▶ **The data**:
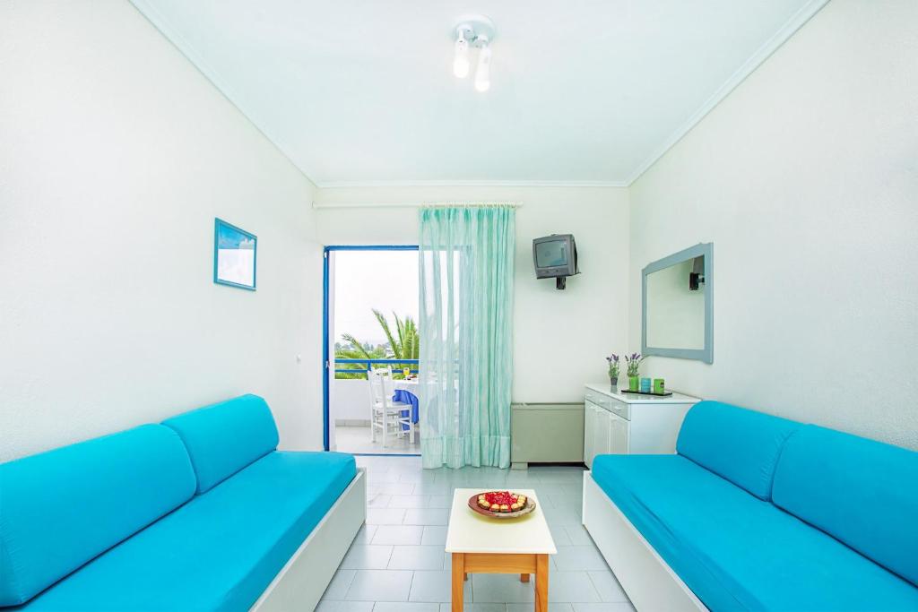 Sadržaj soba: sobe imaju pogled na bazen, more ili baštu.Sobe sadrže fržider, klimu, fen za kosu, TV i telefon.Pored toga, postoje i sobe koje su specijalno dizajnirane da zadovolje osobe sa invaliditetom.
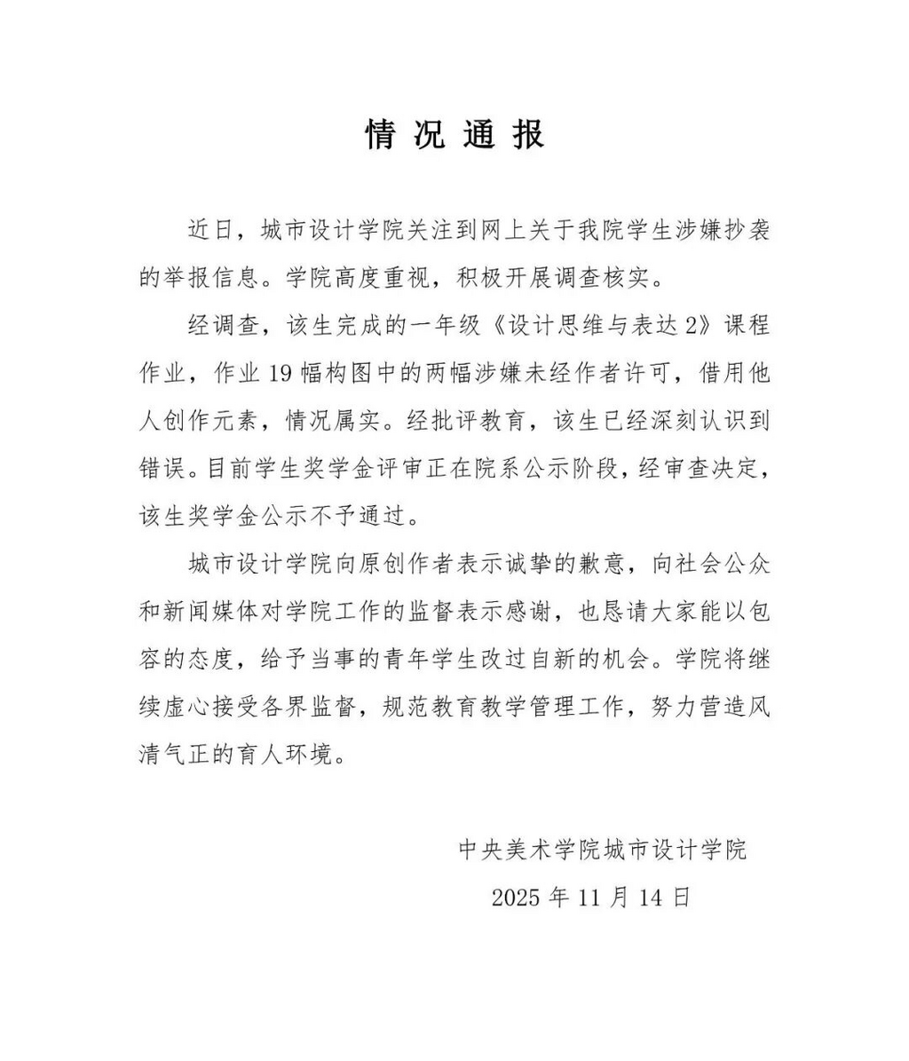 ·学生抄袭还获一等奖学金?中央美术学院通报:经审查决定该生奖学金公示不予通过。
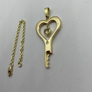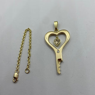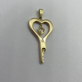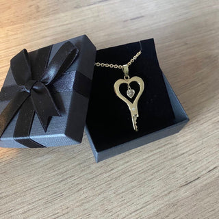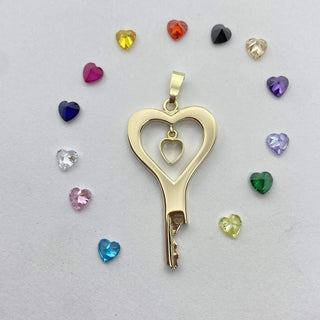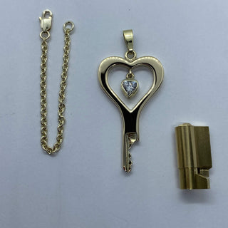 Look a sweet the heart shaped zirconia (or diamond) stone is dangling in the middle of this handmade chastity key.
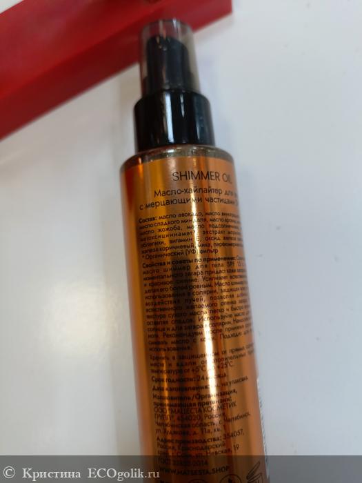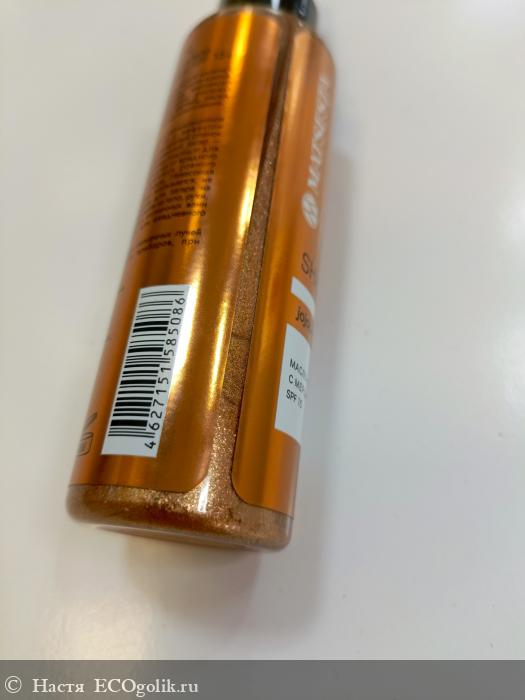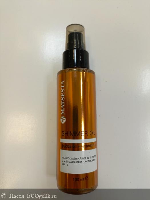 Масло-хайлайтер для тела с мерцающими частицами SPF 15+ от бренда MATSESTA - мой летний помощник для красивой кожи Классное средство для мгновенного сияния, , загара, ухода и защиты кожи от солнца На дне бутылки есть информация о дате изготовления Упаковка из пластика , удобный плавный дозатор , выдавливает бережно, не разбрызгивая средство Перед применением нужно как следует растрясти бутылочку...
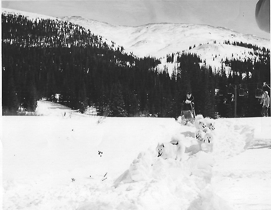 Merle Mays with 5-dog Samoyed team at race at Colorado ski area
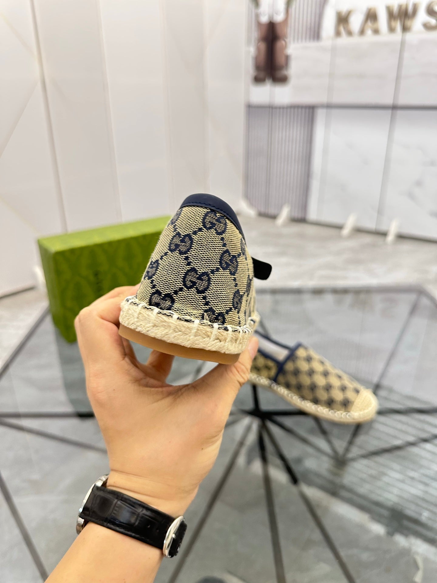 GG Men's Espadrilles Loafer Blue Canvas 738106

---

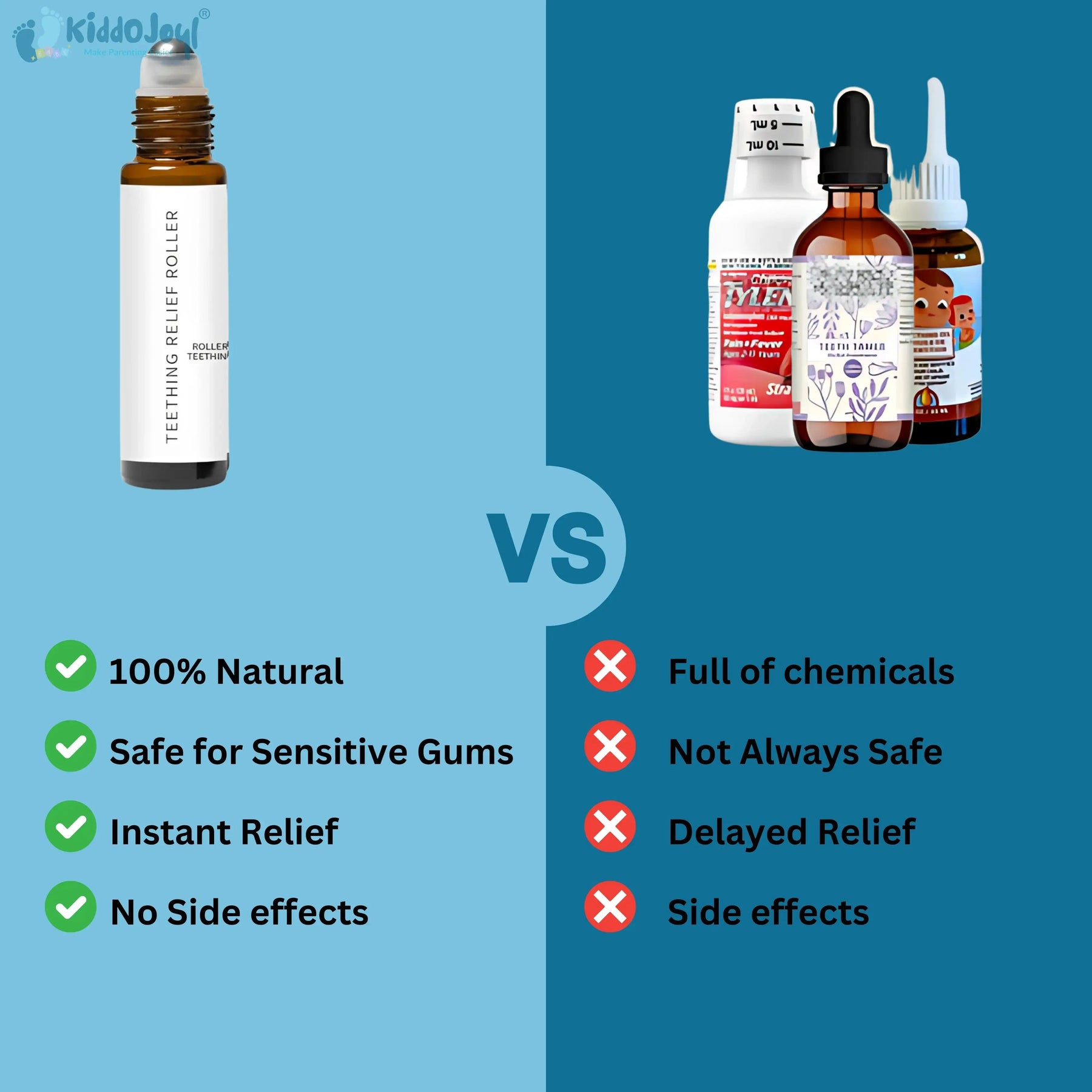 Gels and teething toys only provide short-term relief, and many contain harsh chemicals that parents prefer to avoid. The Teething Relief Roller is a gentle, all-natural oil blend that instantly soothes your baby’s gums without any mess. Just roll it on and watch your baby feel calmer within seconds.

▶ **To do**: Using the material above, transcribe exactly the lines from the one holding "Sadržaj soba: sobe" to the one holding "Look a sweet", both ends kept. Do not carry over any pictures.

▶ **The answer**:
 Sadržaj soba: sobe imaju pogled na bazen, more ili baštu.Sobe sadrže fržider, klimu, fen za kosu, TV i telefon.Pored toga, postoje i sobe koje su specijalno dizajnirane da zadovolje osobe sa invaliditetom.
 ·学生抄袭还获一等奖学金?中央美术学院通报:经审查决定该生奖学金公示不予通过。
 Look a sweet the heart shaped zirconia (or diamond) stone is dangling in the middle of this handmade chastity key.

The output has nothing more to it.